Understanding Default, Custom, and Missing Metrics

Default Metrics

Default metrics include various kinds of metadata which Sysdig Monitor automatically knows how to label, segment, and display.

For example:

  • System metrics for hosts, containers, and processes (CPU used, etc.)

  • Orchestrator metrics (collected from Kubernetes, Mesos, etc.)

  • Network metrics (e.g. network traffic)

  • HTTP

  • Platform metrics (in some cases)

Default metrics are collected mainly from two sources: syscalls and Kubernetes.

Custom Metrics

About Custom Metrics

Custom metrics generally refer to any metrics that the Sysdig Agent collects from some third-party integration. The type of infrastructure and applications integrated determine the custom metrics that the Agent collects and reports to Sysdig Monitor. The supported custom metrics are:

Each metric comes with a set of custom labels, and additional labels can be user-created. Sysdig Monitor simply collects and reports them with minimal or no internal processing. The limit currently enforced is 3000 metrics per host. Use the metrics_filter option in the dragent.yaml file to remove unwanted metrics or to choose the metrics to report when hosts exceed this limit. For more information on editing the dragent.yaml file, see Understanding the Agent Config Files.

Unit for Custom Metrics

Sysdig Monitor detects the default unit of custom metrics automatically with the delimiter suffix in the metrics name. For example, custom_expvar_time_seconds results in a base unit set to seconds. The supported base units are byte, percent, and time. Custom metrics name should carry one of the following delimiter suffixes in order for Sysdig Monitor to identify and configure the accurate unit type.

  • second

  • seconds

  • byte

  • bytes

  • total (represents accumulating count)

  • percent

Custom metrics will not be auto-detected and the unit will be incorrect unless this naming convention is followed. For instance, custom_byte_expvar will not yield the correct unit, that is MiB.

Editing the Unit Scale

You have the flexibility to change the unit scale either by editing the panel on the Dashboard or in the Explore.

Explore

From the Search Metrics and Dashboard drop-down, select the custom metrics you want to edit the unit selection for, then click More Options. Select the desired unit scale from the Metric Format drop-down and click Save.

373653858.png

Dashboard

Select the Dashboard Panel associated with the custom metrics you want to modify. Select the desired unit scale from the Metrics drop-down and click Save.

373653862.png

Display Missing Data

Data can be missing for a few different reasons:

  • Problems such as faulty network connectivity in the communication channel between your infrastructure and Sysdig metrics store.

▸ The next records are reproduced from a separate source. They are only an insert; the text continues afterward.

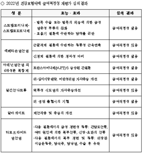 건강보험심사평가원 약제급여평가위원회(이하 약평위)는 7일 2022년 급여적정성 재평가 결과를 공개했다.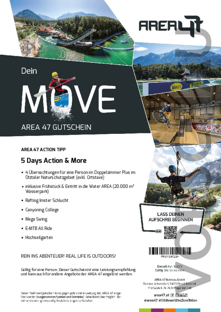 Voucher valid for one person. This voucher is a service recommendation and can also be redeemed for other AREA 47 offers.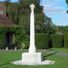 The Portland stone memorial cross stands within a garden bordered by brick walls and features an octagonal cross section on an octagonal base.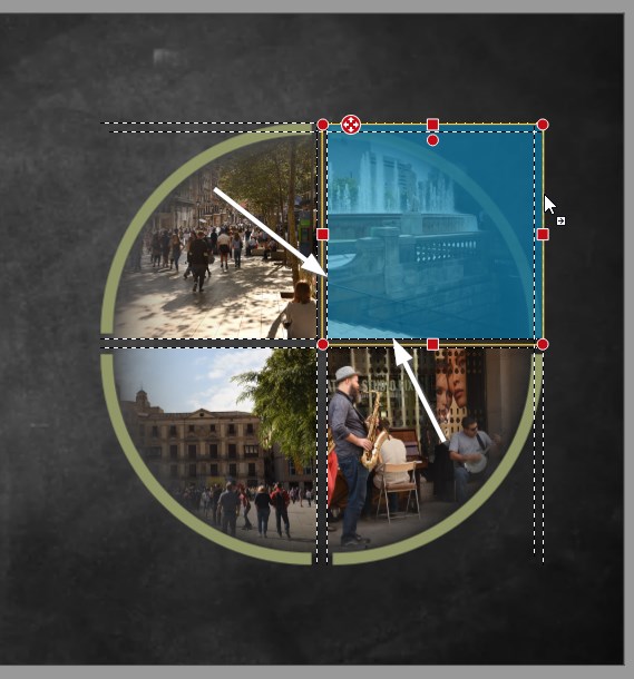 I think, it's not possible to change the size of this lines. But I want to show you a way to get equal spaces First bring your pictures close together with the magnetic helplines. Then use Alt+P to open the following dialog (don't know what it is in your language) to resize your pictures. If you want to have a space of 3 mm, decrease the size 0,3 cm as shown. Do it for both high and wide or first activate the option like shown. The pictures will be resized symmetrically and you will have an identical space. Then bring the lines in right position also with the magnetic helplines. I would not use shadow for the pictures. It is not realistic with a faded picture. To decide, which font-size is the best, write some text in word with your preferred font in different sizes and print it. liebe Grüße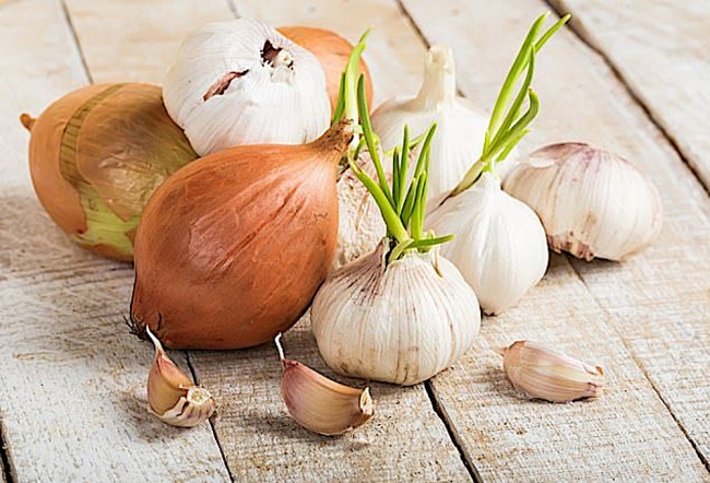 Gambar menunjukkan bawang merah dan bawang putih di atas sebuah meja.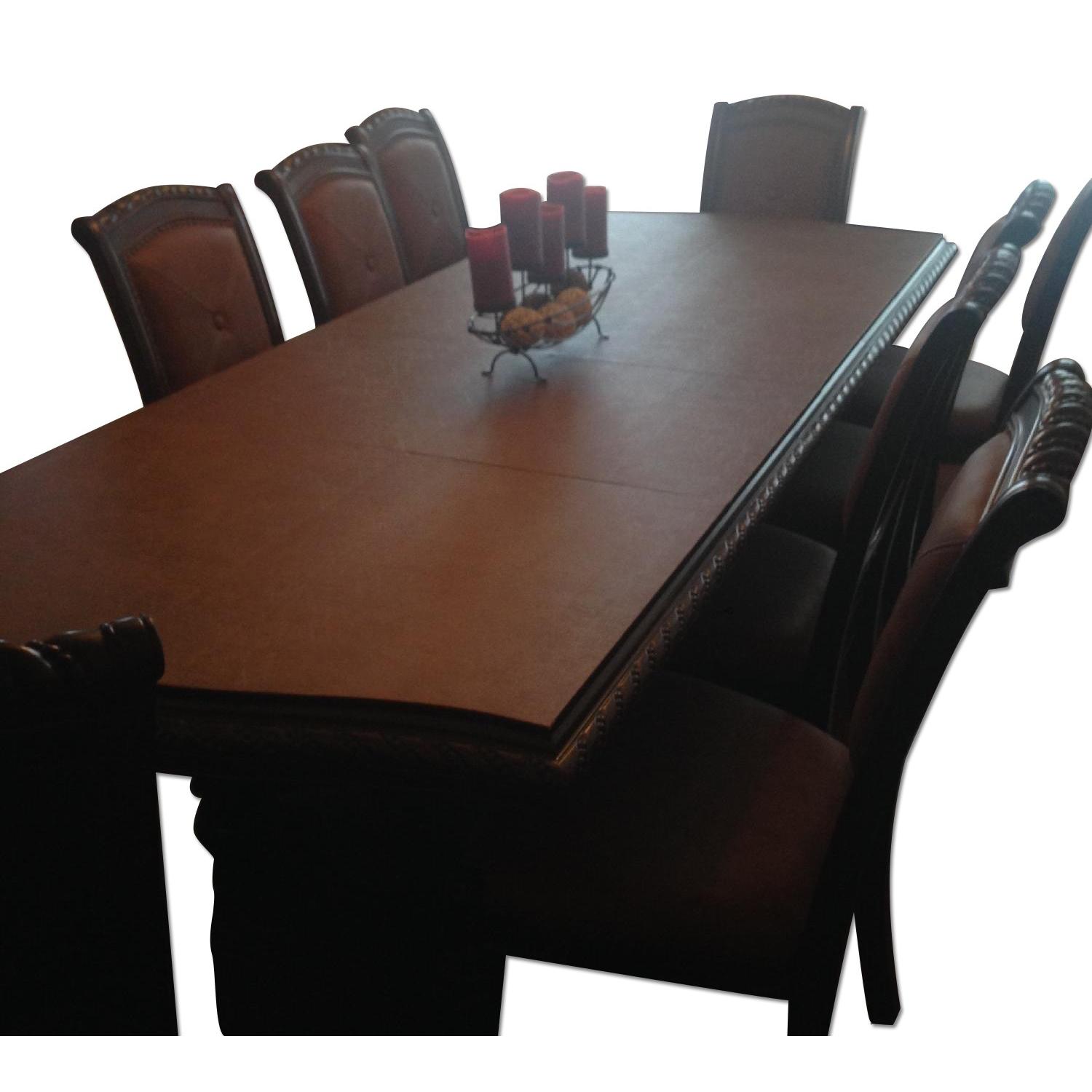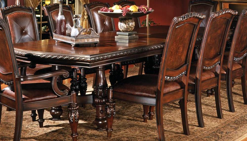 Antoinette Toughened Mirror Dining Table Mirror Dining Table Dining Room Decor Modern Luxury Dining Room from i.pinimg.com Trestle table and chairs feature hand carved details on legs and edges. Buy as a set and save. This dining table set includes a sturdy oval table. Quick view add to cart. This rectangular pedestal dining table is accessorized with four side chairs and two arm chairs. The table top stands on a forest of intricately carved legs, each one wearing flourishes of frond leaves. Become a marvelous host for special events. Antoinette warm brown extendable double pedestal dining room set.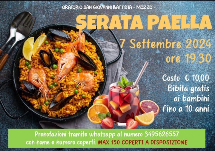 Mozzo/Oratorio: Serata Paella 7 settembre admin26 agosto 2024blog post Navigazione articoli PrecedenteContinua Condividi:CondivisioneTweet Fai clic qui per stampare (Si apre in una nuova finestra) Stampa Fai clic per inviare un link a un amico via e-mail (Si apre in una nuova finestra) E-mail Mi piace Caricamento... Correlati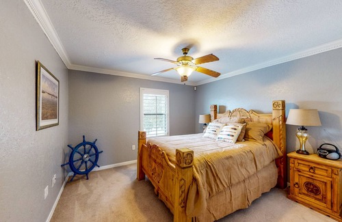 Back at your stay, find yourself relaxing in the nautical-themed living room where the seating is soft and the TV is large. The chef of your group will have no issues whipping up something tasty in the well-equipped kitchen amongst the updated appliances and ample meal prep space. Dine together at the custom-made dining table, or take your meal alfresco and enjoy the radiant Texas sunshine!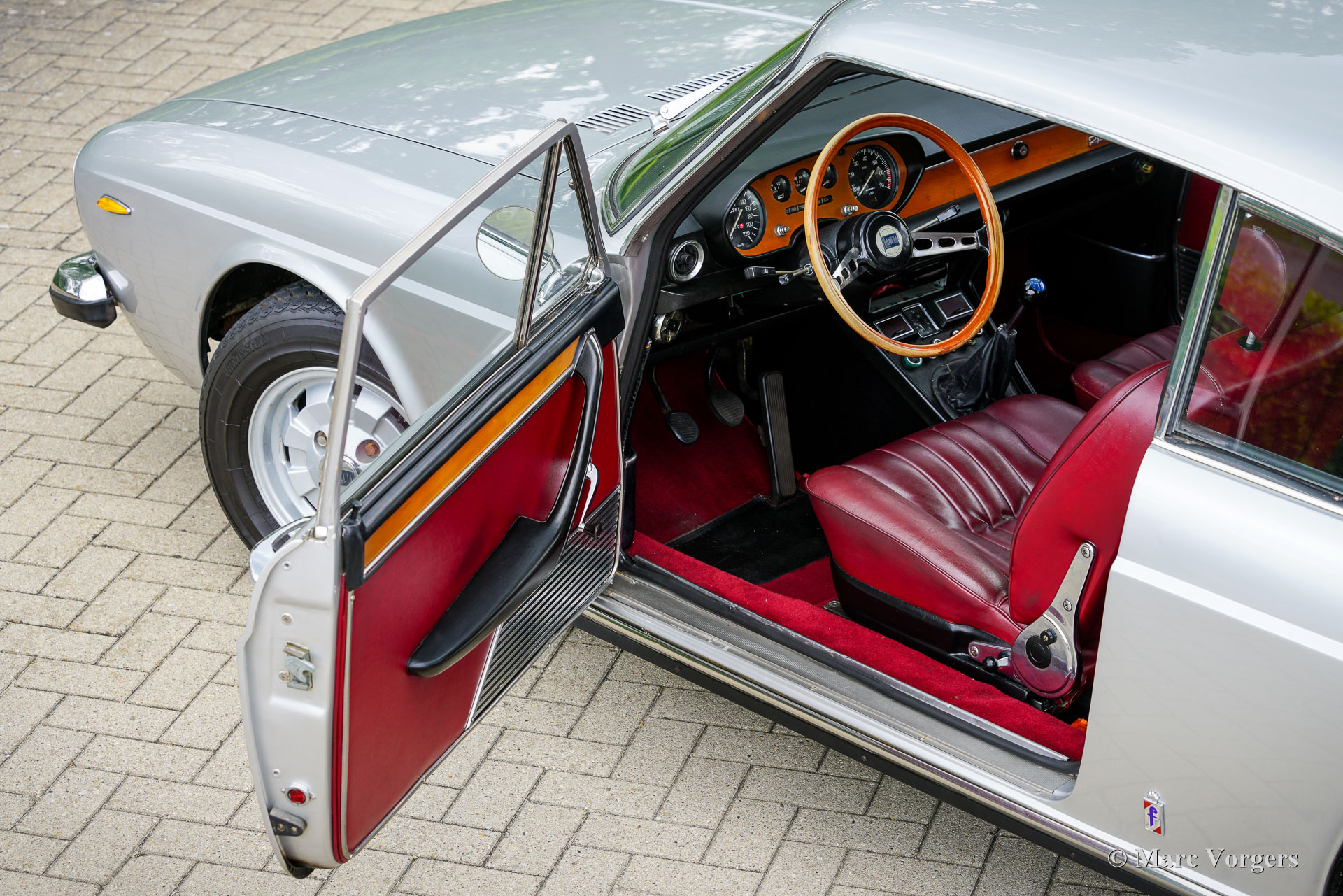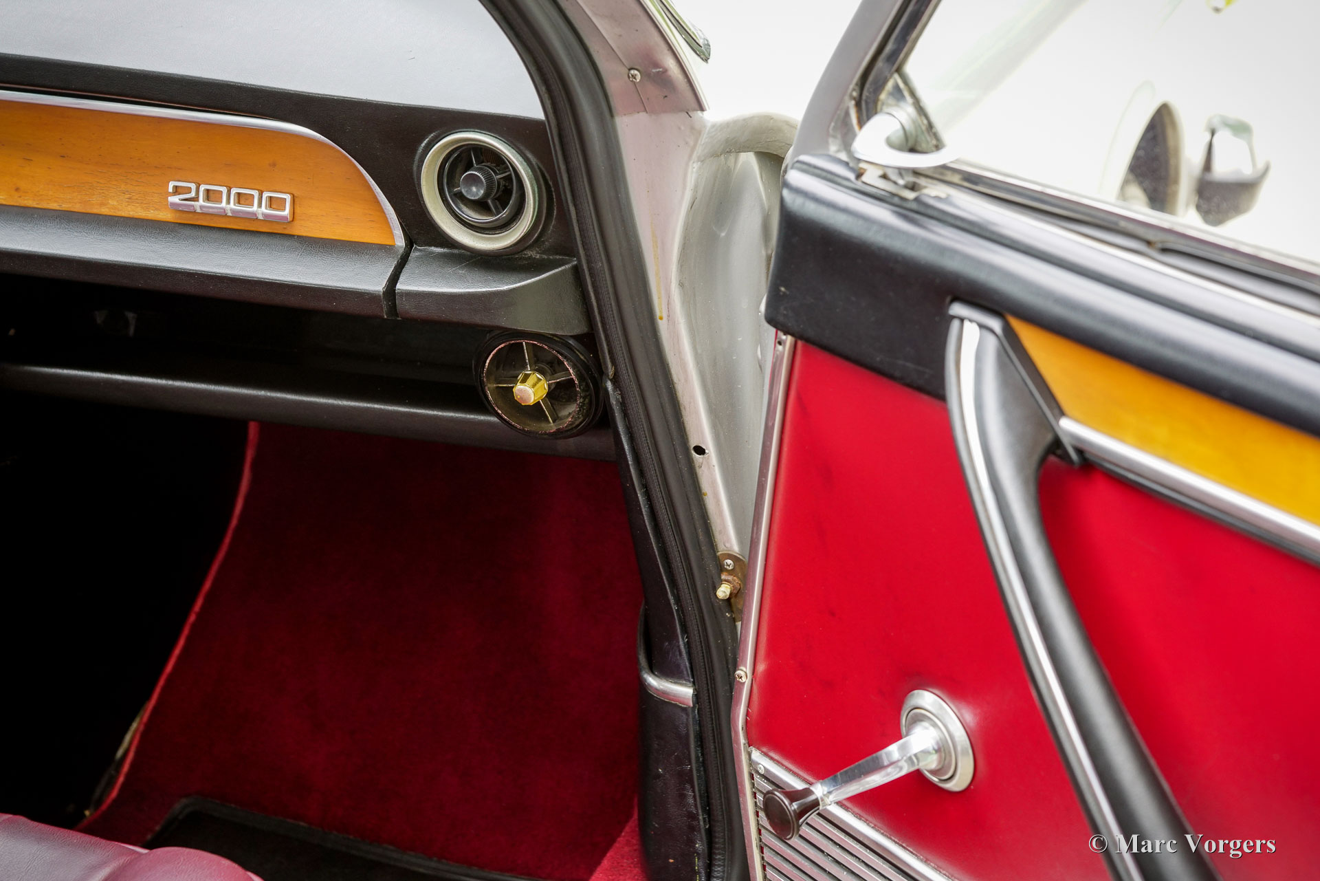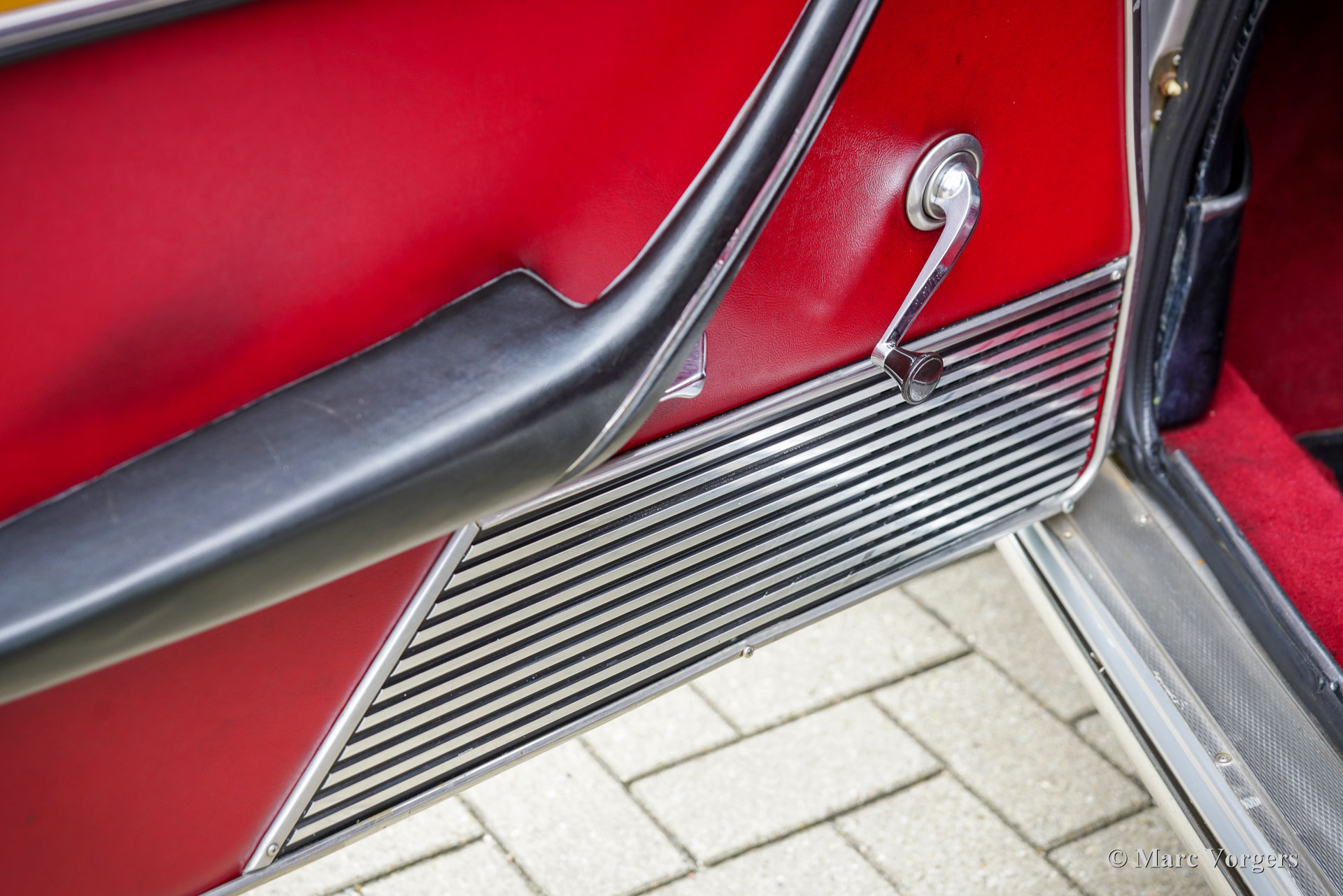 Lancia 2000 Coupé, année 1972 (première immatriculation le 15 septembre 1972). Numéro de châssis 820.230.001.445, numéro de moteur 820.200.002.048. Couleur : Grigio (gris) métallisé, associé à un intérieur en similicuir rouge et à une moquette rouge. Cette magnifique Lancia 2000 Coupé a été vendue neuve en Belgique ; le 15 décembre 1984, elle a été immatriculée aux Pays-Bas. Le compteur affiche désormais 76 361 km. La voiture est en bon état, avec quelques imperfections mineures sur la carrosserie et la peinture. La Lancia 2000 Coupé succède à la Lancia Flavia Coupé 2000, bien que les deux voitures soient quasiment identiques. Le design original et très élégant de la Lancia Flavia Coupé Pininfarina fut modifié sur quelques détails. La prise d'air du capot fut supprimée et la calandre a été dotée d'une garniture chromée. L'amélioration la plus significative fut l'introduction d'une boîte de vitesses à cinq rapports. Le moteur boxer quatre cylindres de 1 991 cm³ refroidi par eau développe 115 ch et permet à la voiture d'atteindre une vitesse de pointe de 185 km/h – une performance exceptionnelle pour une voiture du début des années 1970 ! La Lancia 2000 Coupé est une voiture rare et exclusive ; seulement 1 399 exemplaires furent produits. Cette Lancia 2000 Coupé est une véritable voiture de conduite, à savourer pleinement. La Lancia (Flavia) 2000 Coupé est l'une de nos préférées ; nous avons toujours une sélection d'exemplaires attrayants, dans différentes gammes de prix, exposés dans notre showroom.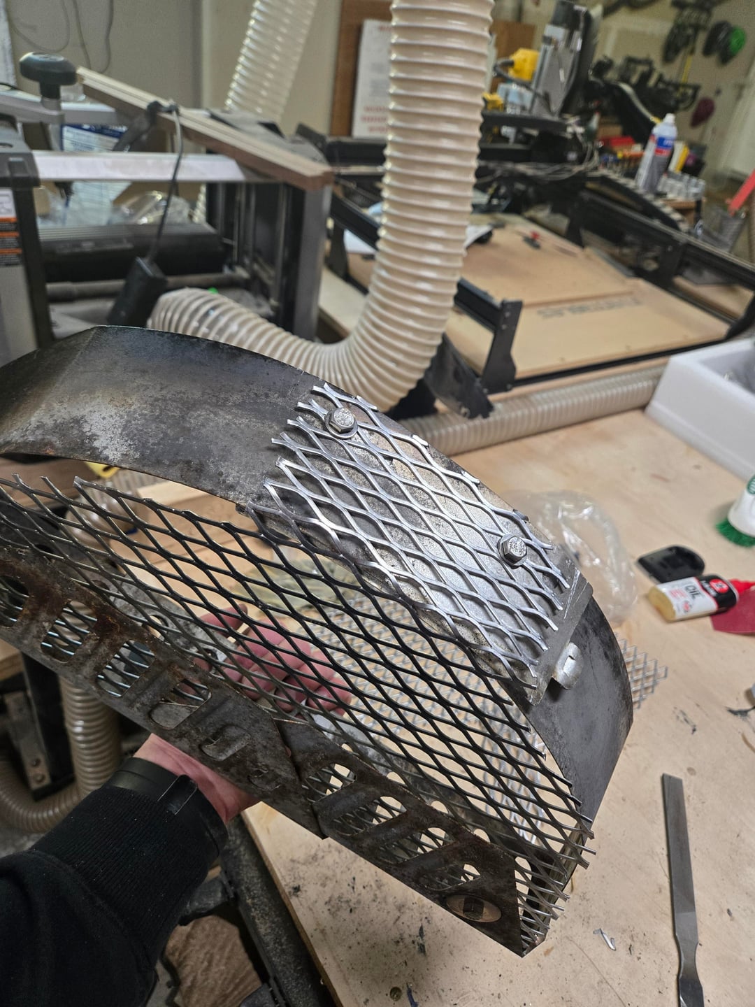 Picked up some expanded steel and cut to shape.by PM_me_ur_launch_code 2 Comments Efficient_Ad5475 2 hours ago lol nice vaguelysticky 2 hours ago I made one too, a tip for next time go to Harbor freight and get a five dollar rivet gun, it makes it where there’s nothing for anything to hang up on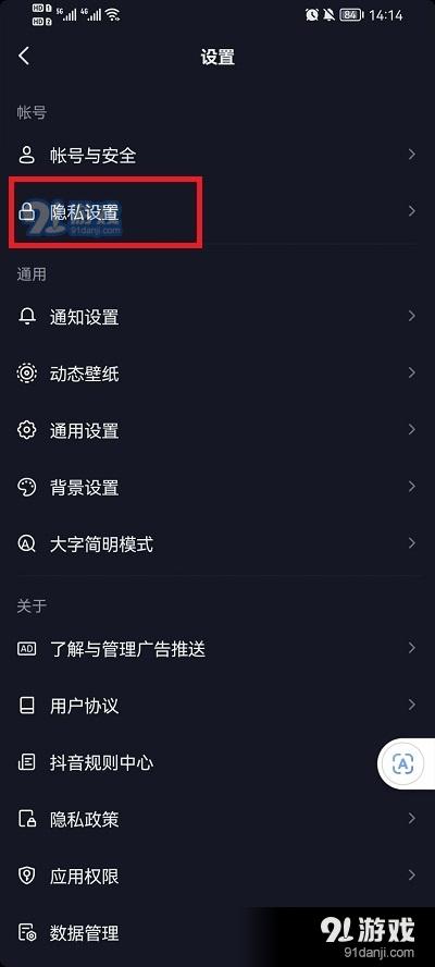 2.打开设置页面后,从列表中找到隐私设置选项,点击进入相关页面抖音涨粉平台,然后开启私人账户模式。

  • Metrics or StatsD batch jobs are submitted sporadically.

Sysdig Monitor allows you to configure the behavior of missing data in Dashboards. Though metric type determines the default behavior, you can configure how to visualize missing data and define it at the per-query level. Use the No Data Display drop-down in the Options menu in the panel configuration. See Create a New Panel for more information.

Consider the following guidelines:

  • The No Data Display drop-down has only two options for the Stacked Area timechart: gap and show as zero.

  • For the Number panel, the No Data Display option allows entering a custom no data text.

  • For form-based timechart panels, the default option for a metrics selection that does not contain a StatsD metric is gap.

  • Adding a StatsD metric to a query in a form-based timechart panel will default the selected No Data Display type to the show as zero , which is the default option for form-based StatsD metrics. You can change this selection to any other type.

  • The default display option is gap for PromQL Timechart panels.

The options for No Data Display are:

  • gap: The default option for form-based timechart panel, where a query metrics selection does not contain a StatsD metric. gap is the best visualization type for most use cases because it is easy to spot indicating a problem.

    gap-null-data.png
  • show as zero: The best option for StatsD metrics which are only submitted sporadically. For example, batch jobs and count of errors. This is the default display option for StatsD metrics in form-based panels.

    zero-null-data.png

    We do not recommend this option as setting zero could be misleading. For example, this setting will report the value for free disk space as 0% when the disk or host disappears, but in reality, the value is unknown.

    Note

    Prometheus best practices recommend avoiding missing metrics.

  • connect - solid: Use for measuring the value of a metric, typically a gauge, where you want to visualize the missing samples flattened.

    solidline-null-data.png

    The leftmost and rightmost visible data points can be connected as Sysdig does not perform the interpolation.

  • connect - dotted: Use it for measuring the value of a metric, typically a gauge, where you want to visualize the missing samples flattened.

    dottedline-null-data.png

    The leftmost and rightmost visible data points can be connected as Sysdig does not perform the interpolation.